Он никогда не покинет этих гор, этих оливковых деревьев, эту Сицилию. Он никогда больше не будет бедным крестьянским парнем, который боится карабинеров, судей, коррумпированного закона, стирающего человека в порошок.

И вот они уже спустились с гор и вышли к дорогам, которые вели в Монтелепре. Они миновали запертую на замок придорожную часовню девы Марии с младенцем — при лунном свете ее голубые гипсовые одежды переливались подобно морю. Аромат садов наполнял воздух такой сладостью, что у Гильяно чуть не закружилась голова. Он видел, как Пишотта остановился и сорвал дикую грушу, казавшуюся сладкой в ночном воздухе, и почувствовал, как к сердцу прихлынула любовь к другу, который спас ему жизнь, — любовь, уходящая корнями в их общее детство.

Гора плавно перешла в пастбище метров сто шириной. Оно упиралось в задние стены домов на виа Белла. За этими стенами у каждого дома имелся свой огород с помидорами, а в некоторых — одинокое оливковое или лимонное дерево. Калитка в огород Гильяно была не заперта, и двое юношей, тихонько проскользнув в нее, обнаружили, что мать Гильяно ждет их. Она кинулась в объятия Тури, обливаясь слезами…

Было около полуночи, луна светила еще ярко, и они поспешили в дом, чтобы их не увидели соглядатаи. Окна были занавешены, и родственники из обеих семей Гильяно и Пишотты рассыпались вдоль всех улиц, чтобы предупредить о полицейских патрулях. В доме друзья и родственники ждали Гильяно, чтобы отпраздновать его возвращение. На столе стояло угощение, достойное святой Пасхи. В их распоряжении была одна только эта ночь, а потом Тури отправится жить в горы.

Отец обнял Гильяно и одобрительно похлопал по спине. Тут же были две сестры Тури и Гектор Адонис. А также соседка по имени Венера. Вдова лет тридцати пяти. Ее муж был известным бандитом, звали его Канделериа; его предали, и он попал в засаду всего год тому назад. Венера подружилась с матерью Гильяно, и тем не менее Тури удивило ее присутствие в доме. Пригласить ее могла только матушка. На мгновение Тури подумал — зачем?

Они ели, пили и так ухаживали за Тури, словно он вернулся из долгого путешествия в далекие страны. Затем отец захотел посмотреть его рану. Гильяно вытащил рубашку из брюк и продемонстрировал огромный ярко-красный шрам — кожа вокруг него все еще была синей от винтовочного выстрела. Мать запричитала.

— А ты что, хотела бы видеть меня в тюрьме, избитого? — обратился к ней с улыбкой Гильяно.
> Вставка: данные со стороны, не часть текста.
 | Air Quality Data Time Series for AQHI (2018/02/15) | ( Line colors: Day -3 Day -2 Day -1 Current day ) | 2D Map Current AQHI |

Хотя знакомая обстановка напоминала счастливые дни детства, он чувствовал, какое огромное расстояние отделяет его от них. Тут были все его любимые блюда — кальмары, макароны под томатным соусом со специями, жареная баранина, большая миска с оливками, овощной салат, политый очищенным, только что отжатым оливковым маслом, бутылки с сицилийским вином в бамбуковой сетке. Все — плоды сицилийской земли. Гектор Адонис развлекал их рассказами о славном прошлом Сицилии. О Гарибальди и его знаменитых краснорубашечниках. О Сицилии порабощенной — сначала Римом, затем маврами, норманнами, французами, немцами и испанцами. Горестная Сицилия! Никогда не была она свободна, люди ее всегда голодны, труд их ничего не стоил, и так легко проливалась здесь кровь.
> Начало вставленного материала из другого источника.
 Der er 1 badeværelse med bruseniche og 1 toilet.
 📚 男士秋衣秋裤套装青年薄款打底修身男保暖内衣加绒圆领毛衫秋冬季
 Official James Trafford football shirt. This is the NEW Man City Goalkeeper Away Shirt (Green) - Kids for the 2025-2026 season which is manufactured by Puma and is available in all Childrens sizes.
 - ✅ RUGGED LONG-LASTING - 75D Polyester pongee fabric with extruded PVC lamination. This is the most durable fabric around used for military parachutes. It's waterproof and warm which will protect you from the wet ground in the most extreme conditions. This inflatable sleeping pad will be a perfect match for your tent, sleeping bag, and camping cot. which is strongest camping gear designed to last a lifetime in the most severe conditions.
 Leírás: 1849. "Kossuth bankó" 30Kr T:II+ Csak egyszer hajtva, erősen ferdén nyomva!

Поэтому теперь не найти сицилийца, который верил бы правительству, закону, обществу — всем этим институтам, с помощью которых простых сицилийцев испокон веков превращали во вьючных животных. Гильяно слышал эти истории на протяжении многих лет, и они врезались в его память. Но лишь теперь он понял, что может изменить все это.

Он увидел, что Аспану закурил сигарету, когда принесли кофе. Даже во время этой радостной встречи на губах его продолжала играть ироническая улыбка. Гильяно представил себе, что тот думает и что скажет когда-нибудь потом: надо свалять дурака и дать подстрелить себя полицейскому, затем совершить убийство и оказаться вне закона — только тогда дорогие тебе люди проявят свою любовь и будут чтить тебя как святого. И все же Аспану был единственным, с кем что-то связывало Гильяно.

А еще с этой женщиной, Венерой. Зачем матушка пригласила ее и почему она пришла? Он видел ее лицо, все еще привлекательное, дерзкое и сильное, с черными бровями и такими темными, красными губами, что в дымном свете при зашторенных окнах они казались почти вишневыми. Трудно было сказать, какая у нее фигура под этим бесформенным черным одеянием сицилийской вдовы.

Тури Гильяно пришлось рассказать им всю историю перестрелки у перекрестка четырех дорог.

Наконец Гектор Адонис изложил свой план спасения Тури.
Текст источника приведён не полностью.